Citation: 2016 FCA 127

CORAM:

WEBB J.A.

RENNIE J.A.

GLEASON J.A.

 

 

BETWEEN:

STANLEY BAHNIUK

Appellant

and

ATTORNEY GENERAL OF CANADA

Respondent

Heard at Ottawa, Ontario, on April 13, 2016.

Judgment delivered at Ottawa, Ontario, on April 26, 2016.

REASONS FOR JUDGMENT BY:

GLEASON J.A.

CONCURRED IN BY:

WEBB J.A.

RENNIE J.A.

 


Date: 20160426


Docket: A-329-15

Citation: 2016 FCA 127

CORAM:

WEBB J.A.

RENNIE J.A.

GLEASON J.A.

 

 

BETWEEN:

STANLEY BAHNIUK

Appellant

and

ATTORNEY GENERAL OF CANADA

Respondent

REASONS FOR JUDGMENT

GLEASON J.A.

[1]               This appeal involves a narrow question about the reasonableness of a portion of a remedial award made by a Public Service Labour Relations Board [PSLRB] adjudicator in the context of a dismissal grievance in Bahniuk v. Canada Revenue Agency, 2014 PSLRB 73. The award in question was unusual in that the adjudicator, as opposed to ordering reinstatement, ordered payment of damages in lieu of reinstatement. In the impugned portion of the award, the adjudicator determined that monies earned by the appellant from self-employment were to be deducted from the damages that were ordered to be paid by the employer.

[2]               Justice Locke of the Federal Court upheld the award as being reasonable (Bahniuk v. The Attorney General of Canada, 2015 FC 831), and the appellant has appealed the dismissal of his judicial review application to this Court.

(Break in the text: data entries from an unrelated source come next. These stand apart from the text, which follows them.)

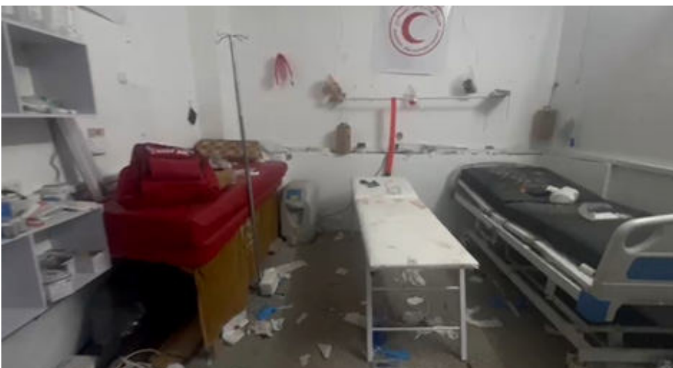
Damage done to the stabilisation point in Nur Shams camp, Tulkarem, following an Israeli incursion on 16-17 December 2023.
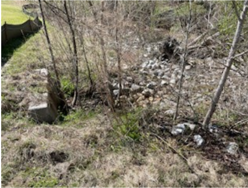
Outfall on NE of facility
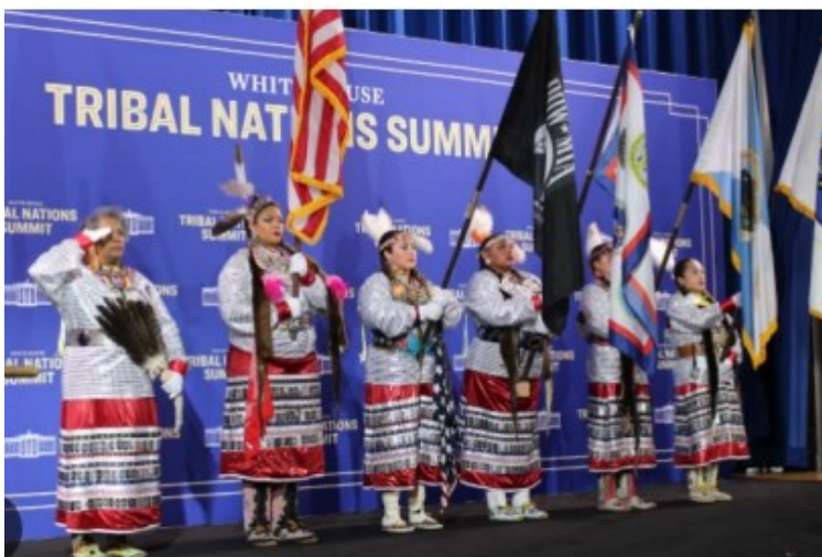
Six people across a stage at the White House Tribal Nations Summit in Tribal ceremonial dress.

At the Summit, President Biden focused on several topics, including: an online " Access to Capital Clearing-house " that will serve as a searchable repository for an up-to-date list of all federal funding opportunities available to Tribal Nations and Native businesses; the release of the Sacred Sites " Best Practices Guide for Federal Agencies Regarding Tribal and Native Hawaiian Sacred Sites ," which provides best practices, procedures and guidance for the management, treatment and protection of sacred sites; and a new Executive Order to reform the federal funding system for Tribes, entitled Reforming Federal Funding and Support for Tribal Nations to Better Embrace Our Trust Responsibilities and Promote the Next Era of Tribal Self-Determination (fact sheet here ).

[3]               In the unique circumstances of this case and in light of the way in which the adjudicator structured the damages award, I agree with the appellant that the impugned portion of the award is unreasonable. I would therefore allow this appeal, with costs before this Court and the Federal Court, and would set aside the impugned portion of the adjudicator’s remedial award. I would not remit the matter to the adjudicator for reconsideration as, in the unique circumstances of this case, there is nothing that remains to be decided.

I.                   Background

[4]               The appellant was an employee of the Canada Revenue Agency [the CRA] with 24 years’ seniority. He had a lengthy disciplinary record and had shown a repeated inability to get along with his managers. In 2010, the CRA imposed a series of disciplinary measures on the appellant, namely, a 3-day, 10-day and 20-day suspension, followed by termination. The appellant grieved all the measures, and the adjudicator heard all the grievances at the same time.

[5]               In his initial award in the case (Bahniuk v. Canada Revenue Agency, 2012 PSLRB 107), the adjudicator upheld the 3-day suspension, reduced the 10 and 20-day suspensions to 5 and 10 days, respectively, and set aside the termination. However, he declined to order reinstatement in light of the poisoned nature of the appellant’s workplace relationships. The adjudicator remitted to the parties the issue of quantification of damages in lieu of reinstatement, but the parties were unable to reach agreement on the amount of compensation to be awarded.

[6]               In the interim, the appellant brought an unsuccessful judicial review application in respect of the adjudicator’s initial award (Bahniuk v. Canada Revenue Agency, 2014 FC 126). Due to the intervening judicial review application, there was a two year delay before the issue of remedy was considered by the adjudicator.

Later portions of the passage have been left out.